Submerged photoelectrochemical (PEC) cells represent a promising avenue for direct hydrogen production using seawater and sunlight. The concept leverages the abundance of solar energy and seawater, eliminating the need for purified freshwater and enabling deployment in coastal or offshore environments. However, several challenges must be addressed to realize practical applications, including material stability, biofouling, and efficiency under varying light conditions.

A critical factor in submerged PEC systems is the selection of semiconductor materials capable of withstanding harsh marine conditions while maintaining efficient light absorption and charge separation. Titanium dioxide (TiO2) has been extensively studied due to its corrosion resistance, chemical stability, and photocatalytic properties. When coated as a thin film or nanostructured layer, TiO2 can resist degradation in saline environments while facilitating water splitting. Research indicates that doped TiO2, such as nitrogen or sulfur-doped variants, can enhance visible light absorption, improving efficiency under natural sunlight. Other materials, like bismuth vanadate (BiVO4) and tungsten trioxide (WO3), have also shown potential but require protective coatings to mitigate photocorrosion in seawater.

Biofouling poses a significant challenge for submerged PEC systems, as marine organisms can adhere to surfaces, blocking light and reducing catalytic activity. Mitigation strategies include the use of antifouling coatings, such as hydrophilic polymers or nanostructured surfaces that deter organism attachment. Silver or copper-based coatings have demonstrated effectiveness in reducing biofouling, though their long-term environmental impact must be carefully evaluated. Alternatively, periodic mechanical cleaning or ultrasonic treatments can maintain surface integrity without chemical additives.

Light penetration depth in seawater varies significantly depending on water clarity, turbidity, and the presence of organic matter. In clear oceanic waters, sunlight can penetrate up to 200 meters, but in coastal regions, penetration may be limited to a few meters due to suspended particles. Submerged PEC cells must be designed to operate efficiently across these conditions. One approach involves optimizing the bandgap of semiconductor materials to match the available light spectrum at different depths. For instance, materials with a narrower bandgap can harness lower-energy photons that penetrate deeper, while tandem cell configurations can capture a broader range of wavelengths near the surface.

Efficiency remains a key hurdle for submerged PEC systems. Reported solar-to-hydrogen (STH) efficiencies for laboratory-scale PEC cells in simulated seawater range from 1% to 5%, with higher efficiencies achieved under controlled conditions. However, real-world deployment introduces additional losses due to light scattering, biofouling, and overpotentials required for seawater electrolysis.
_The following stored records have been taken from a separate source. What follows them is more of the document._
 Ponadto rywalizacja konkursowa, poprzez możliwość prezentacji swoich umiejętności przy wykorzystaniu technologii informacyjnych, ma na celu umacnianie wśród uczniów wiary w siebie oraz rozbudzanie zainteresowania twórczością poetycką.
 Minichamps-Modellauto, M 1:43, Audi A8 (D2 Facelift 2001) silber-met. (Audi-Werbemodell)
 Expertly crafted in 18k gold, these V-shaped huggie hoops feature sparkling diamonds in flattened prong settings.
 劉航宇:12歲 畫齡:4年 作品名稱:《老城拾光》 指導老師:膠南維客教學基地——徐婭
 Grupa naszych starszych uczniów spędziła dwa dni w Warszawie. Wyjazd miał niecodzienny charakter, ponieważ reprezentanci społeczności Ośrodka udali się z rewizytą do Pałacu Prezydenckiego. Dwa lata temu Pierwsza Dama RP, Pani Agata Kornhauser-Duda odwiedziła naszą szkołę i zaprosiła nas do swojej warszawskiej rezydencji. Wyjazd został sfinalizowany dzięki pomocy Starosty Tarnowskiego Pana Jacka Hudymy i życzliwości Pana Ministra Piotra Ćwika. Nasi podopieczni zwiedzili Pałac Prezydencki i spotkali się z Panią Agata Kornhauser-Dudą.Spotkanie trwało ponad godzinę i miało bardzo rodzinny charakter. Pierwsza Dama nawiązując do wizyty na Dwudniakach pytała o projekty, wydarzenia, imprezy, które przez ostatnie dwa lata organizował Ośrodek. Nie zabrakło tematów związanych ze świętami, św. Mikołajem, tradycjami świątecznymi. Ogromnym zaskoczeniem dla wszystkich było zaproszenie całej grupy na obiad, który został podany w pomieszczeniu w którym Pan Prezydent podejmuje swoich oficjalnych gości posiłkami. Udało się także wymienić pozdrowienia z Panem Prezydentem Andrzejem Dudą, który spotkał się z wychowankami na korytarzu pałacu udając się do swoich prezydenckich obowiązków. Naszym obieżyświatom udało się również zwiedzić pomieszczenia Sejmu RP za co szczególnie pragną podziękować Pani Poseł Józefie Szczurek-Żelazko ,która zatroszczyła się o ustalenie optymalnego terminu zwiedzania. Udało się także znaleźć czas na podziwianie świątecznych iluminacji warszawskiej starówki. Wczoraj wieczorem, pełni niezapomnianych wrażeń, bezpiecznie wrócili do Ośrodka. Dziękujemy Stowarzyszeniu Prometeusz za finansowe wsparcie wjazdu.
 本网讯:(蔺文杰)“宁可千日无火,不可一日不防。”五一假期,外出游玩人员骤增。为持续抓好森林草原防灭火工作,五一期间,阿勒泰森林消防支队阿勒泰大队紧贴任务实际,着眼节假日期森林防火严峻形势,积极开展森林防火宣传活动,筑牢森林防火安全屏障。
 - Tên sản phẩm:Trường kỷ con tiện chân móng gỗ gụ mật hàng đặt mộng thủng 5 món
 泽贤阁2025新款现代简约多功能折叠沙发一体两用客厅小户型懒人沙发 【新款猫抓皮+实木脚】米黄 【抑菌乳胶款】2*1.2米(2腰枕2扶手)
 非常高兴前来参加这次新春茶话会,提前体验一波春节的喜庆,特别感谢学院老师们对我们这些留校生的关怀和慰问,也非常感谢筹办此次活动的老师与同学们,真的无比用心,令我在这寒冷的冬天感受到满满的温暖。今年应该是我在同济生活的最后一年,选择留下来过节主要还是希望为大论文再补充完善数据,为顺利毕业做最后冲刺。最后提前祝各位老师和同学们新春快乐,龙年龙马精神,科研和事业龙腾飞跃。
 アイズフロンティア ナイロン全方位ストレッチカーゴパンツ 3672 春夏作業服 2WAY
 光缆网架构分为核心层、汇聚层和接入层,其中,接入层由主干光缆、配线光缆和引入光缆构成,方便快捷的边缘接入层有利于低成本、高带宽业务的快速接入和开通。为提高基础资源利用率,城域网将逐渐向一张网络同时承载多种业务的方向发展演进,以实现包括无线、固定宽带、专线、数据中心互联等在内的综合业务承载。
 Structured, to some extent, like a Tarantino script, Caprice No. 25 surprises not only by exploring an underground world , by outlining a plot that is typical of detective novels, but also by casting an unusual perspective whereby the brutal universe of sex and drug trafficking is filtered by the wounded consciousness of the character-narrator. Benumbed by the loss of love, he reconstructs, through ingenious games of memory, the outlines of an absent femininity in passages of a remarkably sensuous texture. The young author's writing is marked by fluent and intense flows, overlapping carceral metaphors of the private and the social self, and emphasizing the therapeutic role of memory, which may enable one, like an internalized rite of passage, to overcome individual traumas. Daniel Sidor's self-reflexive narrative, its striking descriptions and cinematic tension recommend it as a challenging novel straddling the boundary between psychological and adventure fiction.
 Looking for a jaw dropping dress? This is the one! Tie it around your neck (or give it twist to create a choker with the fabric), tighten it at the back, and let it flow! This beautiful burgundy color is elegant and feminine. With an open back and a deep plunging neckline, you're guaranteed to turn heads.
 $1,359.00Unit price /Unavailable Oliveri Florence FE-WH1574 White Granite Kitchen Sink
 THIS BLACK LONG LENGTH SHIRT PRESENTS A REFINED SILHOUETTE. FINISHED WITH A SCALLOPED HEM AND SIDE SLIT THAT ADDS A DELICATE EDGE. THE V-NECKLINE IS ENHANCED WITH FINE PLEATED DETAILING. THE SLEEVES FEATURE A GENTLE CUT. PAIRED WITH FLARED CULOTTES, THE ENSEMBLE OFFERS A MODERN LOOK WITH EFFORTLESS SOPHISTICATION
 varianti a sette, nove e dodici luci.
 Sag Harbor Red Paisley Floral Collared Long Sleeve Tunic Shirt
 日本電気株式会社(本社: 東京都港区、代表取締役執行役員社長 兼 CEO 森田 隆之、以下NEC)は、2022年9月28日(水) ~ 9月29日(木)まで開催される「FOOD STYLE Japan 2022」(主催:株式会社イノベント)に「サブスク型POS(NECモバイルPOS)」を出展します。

Chloride ions in seawater can compete with water oxidation, leading to chlorine evolution and reduced faradaic efficiency. Selective catalysts, such as manganese oxides or cobalt-based compounds, have been explored to suppress unwanted side reactions and improve hydrogen yield.

System design also plays a crucial role in maximizing performance. Submerged PEC cells can be configured as floating panels or submerged arrays, each with distinct advantages. Floating systems benefit from higher light intensity near the surface but are more exposed to wave action and biofouling. Submerged arrays, positioned at optimal depths, may experience more stable conditions but require robust materials to withstand hydrostatic pressure. Modular designs allow for scalability, enabling deployment in large-scale offshore hydrogen farms.

The integration of submerged PEC systems with existing marine infrastructure could enhance feasibility. For example, coupling PEC cells with offshore wind or solar farms could provide hybrid energy solutions, where excess electricity drives electrolysis during peak generation periods. Alternatively, hydrogen produced offshore could be transported via pipelines or converted into liquid carriers like ammonia for long-distance distribution.

Environmental considerations are paramount in deploying submerged PEC technology. While hydrogen production itself is clean, the materials and processes used must minimize ecological disruption. Corrosion-resistant coatings should avoid toxic elements, and antifouling strategies must prevent harm to marine life. Life cycle assessments (LCAs) of submerged PEC systems indicate that material sourcing and end-of-life recycling are critical factors in achieving sustainability.

Economic viability depends on advancements in material durability, efficiency, and large-scale manufacturing. Current estimates suggest that submerged PEC systems must achieve STH efficiencies above 10% and lifetimes exceeding 10 years to compete with conventional hydrogen production methods. Ongoing research into earth-abundant catalysts, stable semiconductors, and scalable fabrication techniques is essential to meet these targets.

In summary, submerged PEC cells for direct hydrogen splitting from seawater offer a compelling pathway for sustainable energy production. Corrosion-resistant semiconductors like TiO2, coupled with effective biofouling mitigation and depth-optimized designs, address key technical challenges. While efficiency and durability require further improvement, the integration of submerged PEC systems with marine renewable energy infrastructure could unlock significant potential for offshore hydrogen production. Continued innovation in materials science and system engineering will be crucial to realizing this technology at scale.